MAFIA is used to construct the mean and precision matrix of a 3D Gaussian Markov Random Field (GMRF) in a specific volume in the Trondheimsfjord for intelligent ocean sampling using Autonomous Underwater Vehicles (AUVs).
The GMRFs are approximated through a Stochastic Partial differential equation with the matérn covariance function as its stationary solution.
We have parameterized three different models; A stationary model with vertical-lateral anisotropy, a similar Non-stationary, and a Non-stationary model with bidirectional anisotropy, and have fit them to a field approximation from a complex numerical ocean model (SINMOD).

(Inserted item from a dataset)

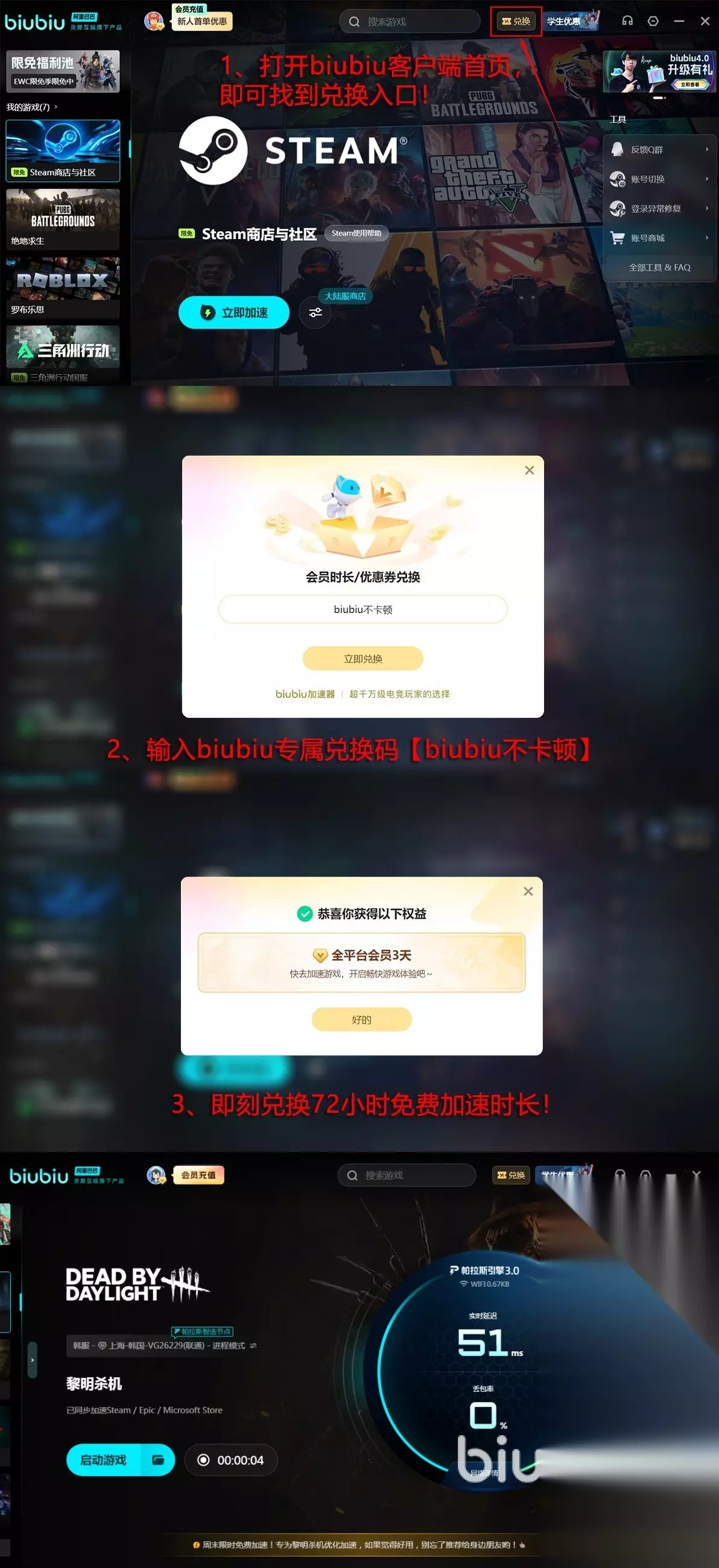biubiu还推出了很多福利活动,输入【biubiu不卡顿】的兑换码,新老用户直接领72小时的免费加速时间,而首次注册再送24小时,新人叠加起来有96小时免费畅玩,飞头追人丝滑到起飞!

The precision matrix is found in ./models/SINMOD-SA.npy
, ./models/SINMOD-NI.npy
, and ./models/SINMOD-NA.npy
respectively, and the standard devitation of Gaussian white noise in the field and the measurement noise of the AUV is found in ./models/sigma.npy
.
It is implemented as a class so it can simply loaded with:
from spde import spde
To load the different models simply specify it in the class constructor:
mod = spde(model == 1)
mod = spde(model == 2)
mod = spde(model == 3)
To sample from the model do the call:
mod.sample(n=1)
where n
specifies the number of realizations of the entire field.
To estimate the marginal variance of the precision matrix:
mod.mvar()
This is estimated empricically with the samples from the model.
To get the candidate variance given that you have sampled in a point pos
within the field:
mod.candidate(pos = [xi,yi,zi])
This can be used to find the points which are most informative.
When the AUV has sampled a point it can update the field with:
mod.search_path_from_trees(rel=measurement, pos=[xi, yi, zi])
This updates the mean and precision matrix of the field within the class and returns nothing.
To get attributees from the class
mod.mu # the mean of the field (20250) vector
mod.Q # the precision matrix of the field (20250x20250) sparse matrix
mod.sigma # gaussian noise of the field (mod.sigma[1]) and the measurement noise of the AUV (mod.sigma[0])
mod.Q_fac # the choleksy factorized Q. This is a object returned from the C library cholmod
mod.lats # latitude boundary of the field
mod.lons # longitude boundary of the field
mod.X_START # x boundary of the field
mod.Y_START # y boundary of the field
cd ~/catkin_ws/
source devel/setup.bash
cd ~/dune_all/build
./dune -c lauv-simulator-1 -p Simulation
cd ~/catkin_ws/
source devel/setup.bash
roslaunch src/imc_ros_interface/launch/bridge.launch
cd HITL/
python3 MAFIALauncher.py
Then go to neptus to activate follow reference.